Concept

Part Lies, Part Heart, Part Truth, Part Garbage 1982–2011

Part Lies, Part Heart, Part Truth, Part Garbage 1982–2011 is a 2011 greatest hits album from alternative rock band R.E.M. Intended as a coda on their career, this is the first compilation album that features both their early work on independent record label I.R.S. Records in addition to their 10 studio releases through Warner Bros. Records. The double-disc retrospective was released through Warner Bros. on November 11, 2011, and was compiled by the band members; the existence of the compilation was revealed simultaneously with the group's announcement that they were disbanding on September 21, 2011. In addition to previously recorded music that spans the band's entire career, three new songs are included. Their final studio album—Collapse into Now—fulfilled the band's contractual obligations to Warner Bros. and they began recording material without a contract a few months later with producer Jacknife Lee in Athens, Georgia with the possible intention of self-releasing the work. Rather than completing an album's worth of material, the band elected to take what they had completed from those sessions and release them on this compilation. The new songs "Hallelujah" and "A Month of Saturdays" were demoed in the Collapse into Now sessions and the lead single "We All Go Back to Where We Belong" was recorded entirely after that album. The band compiled the contents themselves, attempting to capture different periods of their songwriting. Vocalist Michael Stipe has explained that the inspiration for his approach to compiling the songs was the David Bowie compilation Changesonebowie.
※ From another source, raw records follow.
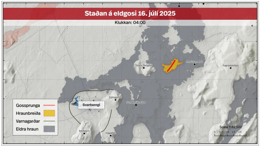 Szczelina erupcyjna ma od 700 do 1000 metrów długościi nie wydaje się wydłużać. Wypływ lawy wydaje się być najbardziej skoncentrowany na południowym wschodzie. Służby monitorują, czy lawa może zacząć płynąć w kierunku Grindavíkurvegur na północ od Stóra-Skógfell.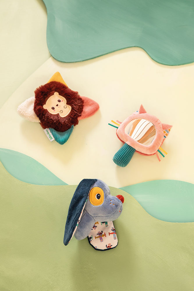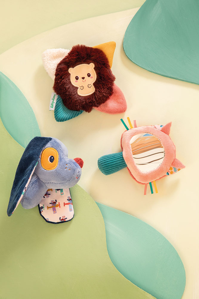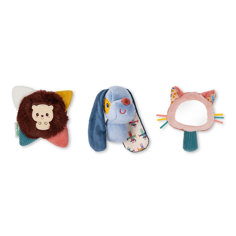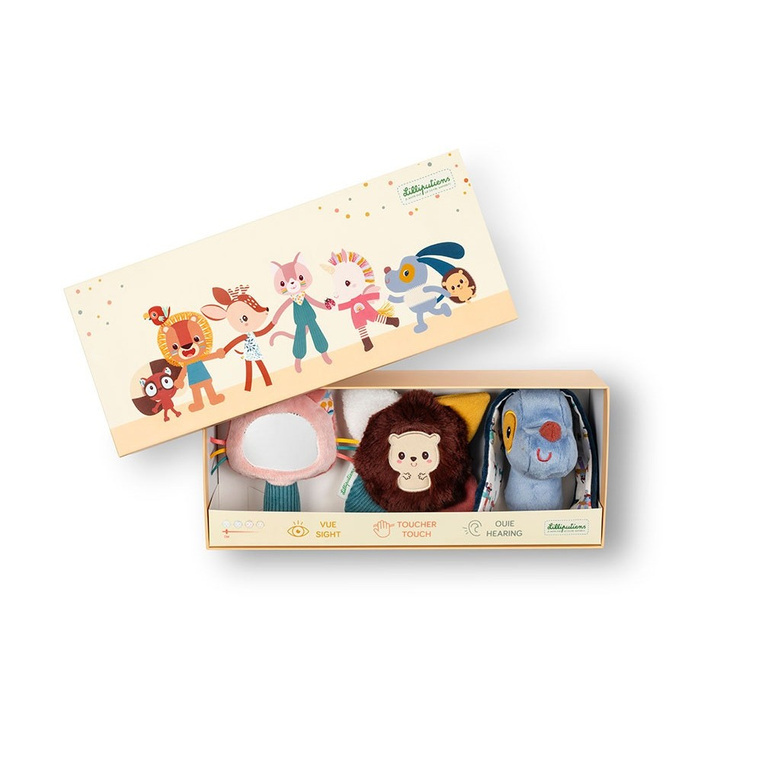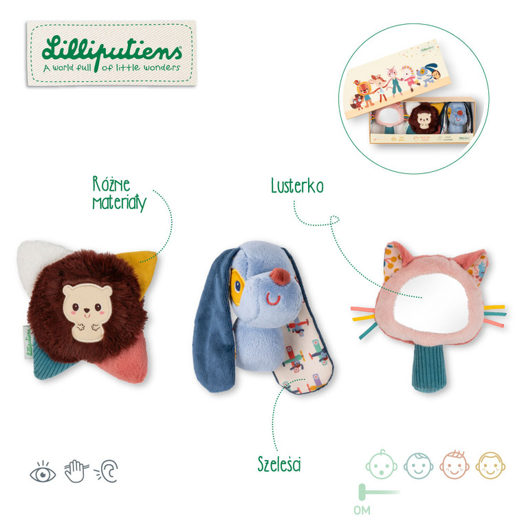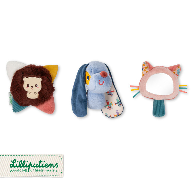 Zestaw 3 miękkich, wielofunkcyjnych zabawek Lilliputiens z kolekcji Piesek Jules to zabawka rozwojowa dla niemowląt. Zestaw zawiera: Jeżyka Leona, Pieska Julesa z szeleszczącymi uszami i Kotkę Jeanne z bezpiecznym lusterkiem.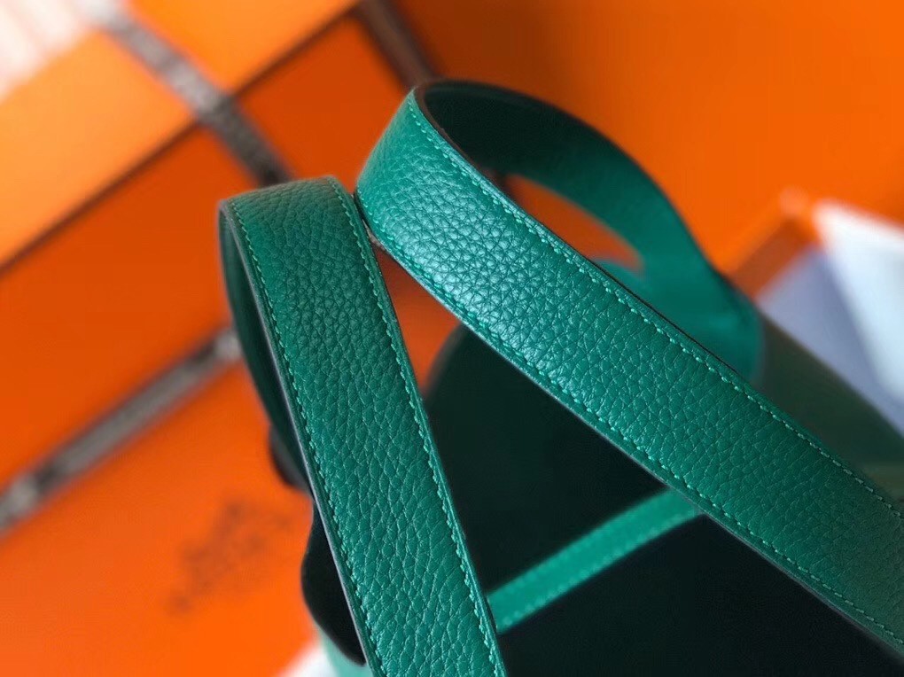 Look into some more details of this streamlined design. In all its uniqueness, it has a cross-over leather strap to add a bonus security to your bucket tote, with your iconic Hermes Palladium lock and key. This unique and lovely bag is perfect for everyday use as it has tons of interior space for all your necessities.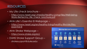 • Duke University Hospital Stroke Support Group: Interested? email strokesupport@duke.edu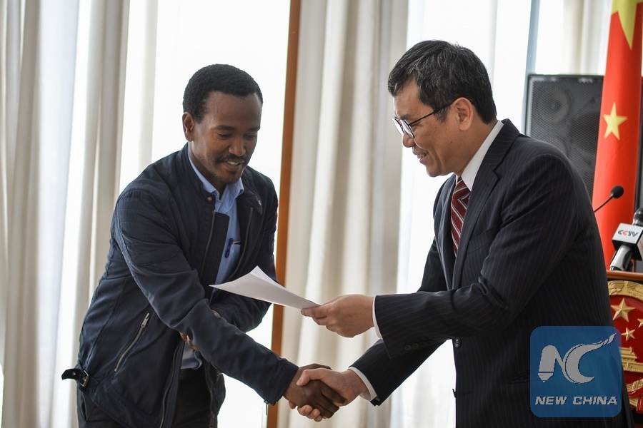 Tan Jian (R), Chinese Ambassador to Ethiopia awards an Ethiopian student a scholarship in Addis Ababa, capital of Ethiopia, Aug. 8, 2018. (Xinhua/Michael Tewelde)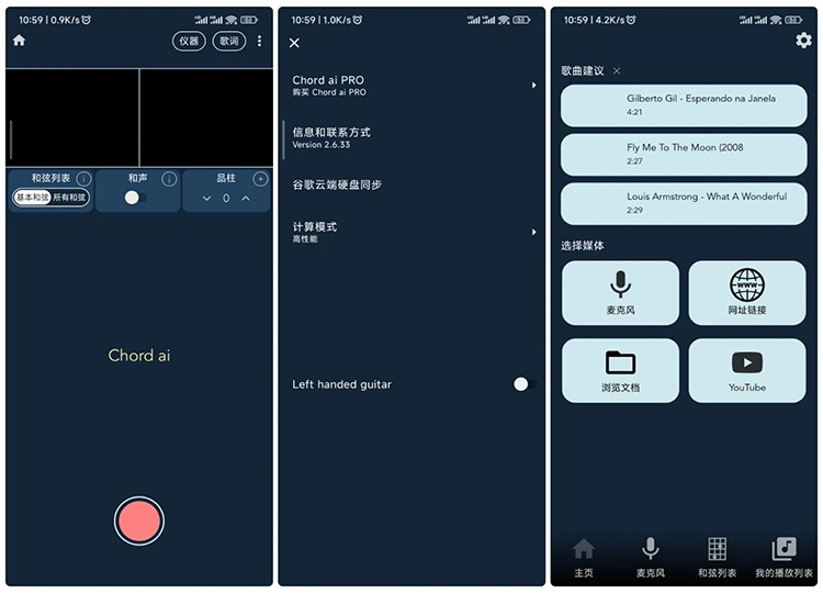 Chord ai 可以从您的设备、任何视频 / 音频流媒体服务或您周围的现场播放的音乐中收听音乐,并立即检测和弦。然后它会告诉你用吉他、钢琴或尤克里里琴弹奏这首歌的手指位置。

The title of the album comes from a quip that guitarist Peter Buck made about the band during an interview in 1988, "R.E.M is part lies, part heart, part truth and part garbage." "We All Go Back to Where We Belong" was made available over the Internet on October 17, 2011. Early reviews of the song considered it a "low-key, string-drenched ballad" (Stereogum) and compared it to the pop styling of Burt Bacharach and R.E.M.'s 2001 album Reveal.